Personal information
- Full name: Cobie Legrange
- Born: 1942 (age 82–83) Boksburg, South Africa
- Sporting nationality: South Africa

Career
- Former tour(s): European Tour Southern African Tour
- Professional wins: 20

Number of wins by tour
- Sunshine Tour: 1
- Other: 19

Best results in major championships
- Masters Tournament: CUT: 1965, 1966
- PGA Championship: DNP
- U.S. Open: CUT: 1967
- The Open Championship: T11: 1969

= Cobie Legrange =

South African professional golfer (born 1942)

Cobie Legrange (born 1942) is a South African professional golfer. He was one of the best South African golfers of the 1960s and reached a peak ranking of #15 in the world.

== Early life ==
Legrange was born in Boksburg, South Africa.

== Professional career ==
In 1962, Legrange played on the British circuit but performed poorly. In April 1963, he returned to South Africa to improve his play. He maintained a very diligent practice schedule, practicing 8 hours a day, 5 days a week for the remainder of the year.

The results immediately paid off. In the summer of 1964 he finished second in the French Open to Argentine legend Roberto De Vicenzo, taking him to a playoff. On 28 June 1964 he won the Dunlop Masters at Royal Birkdale Golf Club by one stroke. He built a 4-shot lead on the front nine but nearly lost it all. However two strong pars on the last two holes assured a one shot win. He was the only player to match par (288) on the esteemed course. One week later, on 4 July, he won the qualifier for the 1964 Open Championship earning him entry to his first major championship. He also won a number of events on the Australian circuit that fall. On 21 September 1964, he won the Lake Karrinyup Bowl by one stroke over Australian veteran Kel Nagle. On 26 October 1964, he won the Wills Masters in dramatic fashion over American star Jack Nicklaus and Australian Bruce Devlin. Legrange built an eight shot lead on the front nine but after a three-putt on the 16th he had nearly lost it all to playing partner Nicklaus. He dramatically birdied the last two holes, however, to shoot an even par 73 win by three. He earned 4,000 pounds in the victory. Finally, on 8 December 1964, at the Wattie's Tournament in New Zealand, he tied Bill Dunk for a third and final victory down under. He was two behind on the 71st hole but eagled it and then went up and down for par at the last. This extraordinary play earned him a special foreign invitation to the 1965 Masters Tournament.

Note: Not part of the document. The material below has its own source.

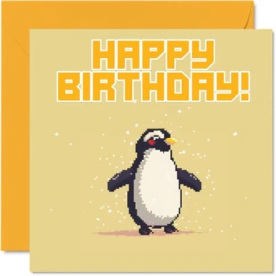 Birthday Cards for Men Women Pixel Art Penguin Happy Card Brother Sister Son Daughter Uncle Aunt Colleague Friend 145mm x Bday Greeting

His 1965 season did not meet the same heights but was still quite good. At the Pringle of Scotland Tournament in June, after an opening round 66 (-6), he led wire-to-wire to defeat two players by three shots. He also finished runner-up at the French Open again, losing to Spanish professional Ramón Sota by a stroke. Once again he earned a special foreign invitation to the Masters.

The following year he finally won in his homeland at the 1966 Western Province Open. He was also runner-up at the South African Open that year. He would become a mainstay on the South African circuit, ultimately winning several times over the next decade.

1969 was one of his final great years on the international circuit. Early in the calendar year he won the Western Province Open for the second and final time. In July, at the 1969 Open Championship, he recovered from a disastrous 79 in the opening round to finish T-11, actually outscoring the rest of the field over the last three rounds. This would be his best showing in a major championship. Later in the summer he would finish runner-up at the German Open to Frenchman Jean Garaïalde and to Englishman Peter Butler at the R.T.V. International Trophy. He would record his final victory in Europe in September, winning the Dunlop Masters for the second time. Like his first Dunlop Masters win he built a big lead, but this time easily held on to it despite bogeying two of the last three holes.

Legrange's final good years were in the early 1970s. At the 1971 South African PGA Championship, one of South Africa's elite Triple Crown events, he finished runner-up, one shot back to compatriot Tienie Britz. Two weeks later he won the Holiday Inns Royal Swazi Sun Open, an official event on the South African Tour held in Mbabane, Swaziland. Legrange tied compatriot Denis Hutchinson after regulation play with a 273 total and then defeated Hutchinson on the second playoff hole. The next year he nearly defended his title in Swaziland, coming up a shot short of American pro John Buczek. He would also finish runner-up at the Western Province Open, at event he won twice, in 1972 and 1974. Legrange's final win was at the 1974 Schoeman Park Open.

Legrange was known for being an extremely deliberate player with an unusual swing process. According to a Scottish golf writer his process was to "fall back on the right foot, drag the club some two feet along the ground, and stop, then restart." By the mid-1970s, however, this method had become far too deliberate and Legrange suffered a severe loss of confidence in his backswing. He would often refuse to complete a shot, stepping away from the ball even after taking the clubhead away from the ball. Naturally, his form tailed off and he would not win again.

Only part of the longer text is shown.